The pressure is believed to come from school tuition fees and energy
Luciano Nascimento
Published on 15/12/2020 - 15:15
Brasília
Edifício-Sede do Banco Central em Brasília
© Marcello Casal JrAgência Brasil

Despite the cooldown forecast for food prices, December’s inflation should remain elevated, chiefly pulled up by expenditures with monthly school fees and the increase in electricity bills, the Central Bank’s Monetary Policy Committee (Copom) reported.

In the minutes of last week’s meeting, made public today (Dec. 15), Copom reveals that, despite the stronger inflationary pressure in the short run, it has retained the diagnosis according to which current blows are temporary. The committee, however, pledged to keep a watchful eye on the evolution of the inflation.

According to Copom, the country’s official inflation, as gauged by the National Broad Consumer Price Index (IPCA), in 2020 is 4.3 percent, above the four percent target. The projection is anchored on the benchmark interest rate (Selic) at two percent a year and an exchange rate with the dollar at R$5.25. As for 2021, the projection is 3.5 percent, and four percent for 2022.

In the international landscape, the committee believes “the resurgence of the pandemic in some of the main economies has reversed mobility gains and should affect economic activities in the short term.” Copom also argues that the promising results from COVID-19 vaccine tests tend to improve the confidence in the normalization of activities in the medium run.

Regarding economic activity in Brazil, the document notes that recent indicators suggest the continuity of uneven recovery across sectors, as expected, adding that a stagnant scenario for the economy may produce an inflation trajectory below the expected, especially when this stagnancy is focused on services.
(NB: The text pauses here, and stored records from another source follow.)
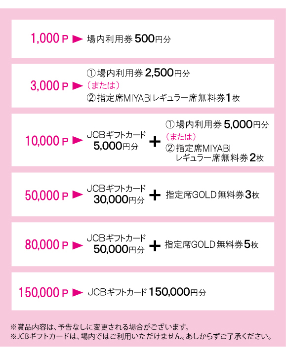 キャッシュレス投票「ポイント交換」賞品一覧
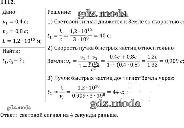 ОТВЕТ на задание № 1112 Задачник по Физике 10-11 класс Рымкевич УМК
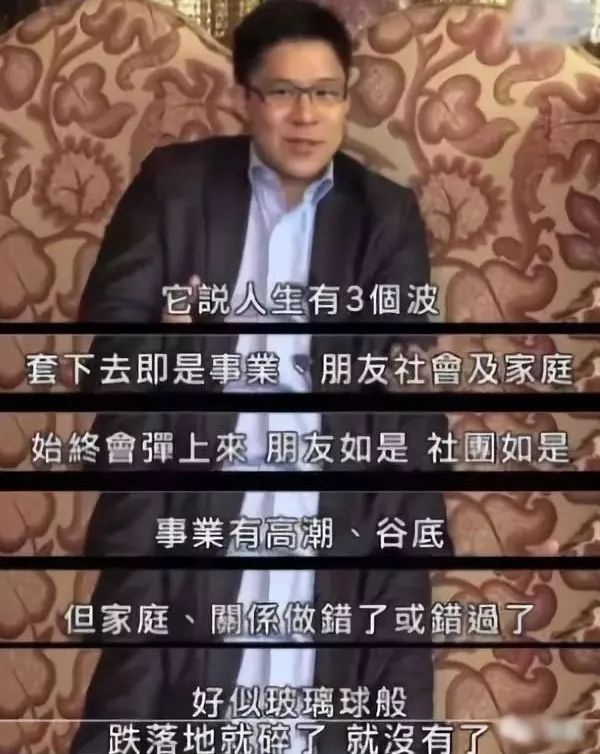 “人生有3个波,即是事业、朋友、及家庭。始终会弹上来,朋友如是,事业如是。但是家庭关系做错了或错过了,好似玻璃球般,跌落地就碎了,就没有了。”
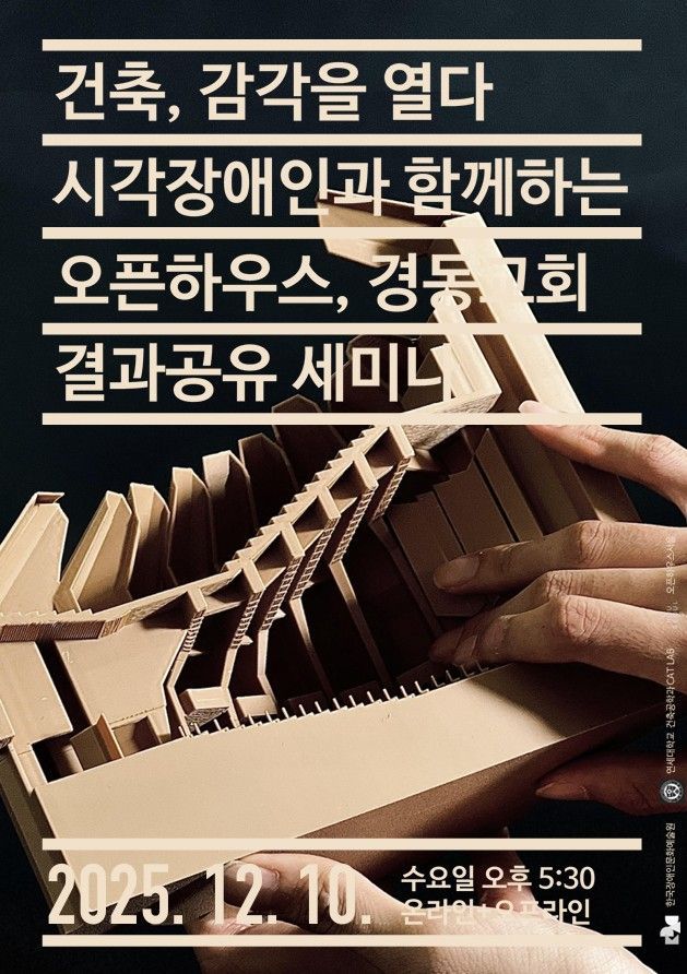 <건축, 감각을 열다 – 시각장애인과 함께하는 오픈하우스, 경동교회>는 연세대학교 CAT건축도시디자인연구실과 오픈하우스서울이 함께 진행한 다감각 건축 체험 프로그램으로, 김수근의 경동교회를 배경으로 시각장애인과 비시각장애인이 짝을 이루어 촉각·청각 등 다양한 감각을 통해 건축을 새롭게 경험하는 자리였습니다. 이번에 그 결과를 공유하고 다양한 분들의 의견을 듣는 자리를 마련하고자합니다. 본 세미나는 온라인(Zoom)과 오프라인(신촌 연세대학교)으로 동시에 진행되며 정확한 주소는 신청자 이메일로 개별 안내드립니다.
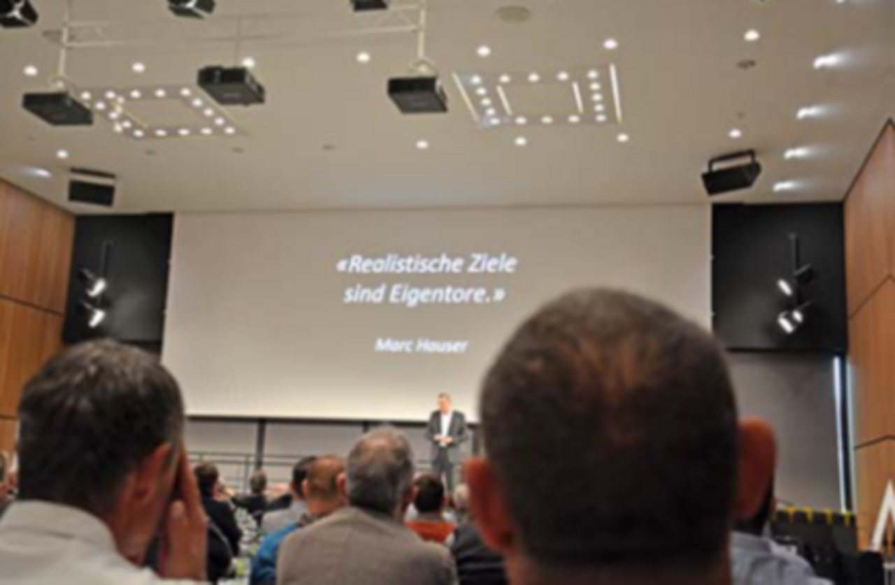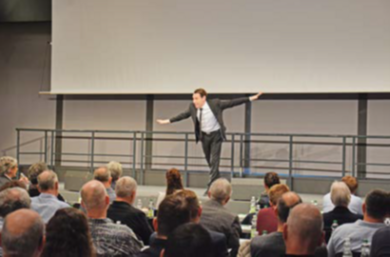 Nach dem Kaffee mit Gipfeli und Obst, begrüsste der Magier und Ökonome Christian Bischof die 140 Anwesenden und zeigte, wie leicht es ist, Fünflieber um Fünflieber aus der Luft zu picken. Er versicherte, dass er dieses Geld der Schweizer Strasseninfrastruktur spenden werde. Um es gleich vorwegzunehmen: Bischof moderierte souverän durch den Vormittag und zeigte mehrmals, weshalb er Schweizermeister der Zauberkunst ist.
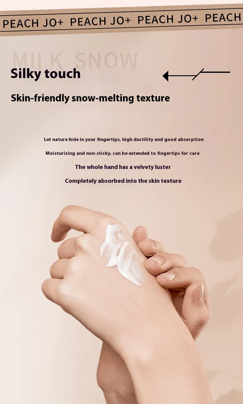 Peach JO+ Perfume Hand Cream delivers very smooth hands with long-lasting fragrance, deep moisture, and a non-greasy finish for daily elegance.
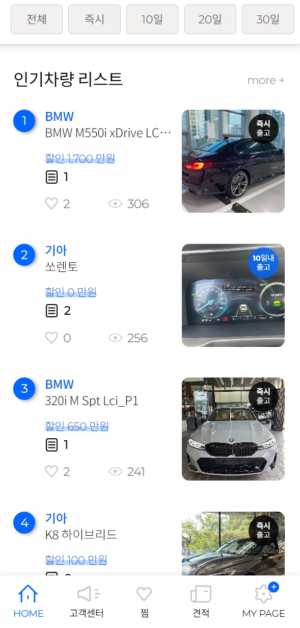 ▶ 원하는 카테고리 별로 구매가능차량부터 할인 금액 까지 바로 확인 가능.

“This risk intensifies when a slower reversal of the effects of the pandemic prolongs the environment of high uncertainties and the increase in precautionary savings,” the text reads.

In another scenario, Copom believes that prolonging fiscal policies implemented as response to the pandemic which worsens the country’s fiscal trajectory—or frustrations regarding the continuity of overhauls—may increase the inflation above projections.

“Prospectively, the low predictability linked to how the pandemic will develop and to the necessary adjustment in public expenditures starting in 2021 increases the uncertainty on the continuity of the resumption of economic activity. The committee considered that the risks associated to the evolution of the pandemic may lead to a domestic scenario characterized by an even more gradual resumption,” the minutes say.

Copom says that perseverance in implementing the necessary reforms is key to bringing about sustainable economic recovery. Questioning the continuity of reforms and permanent changes in adjusting public accounts may raise the economy’s structural interest rate, it went on to say.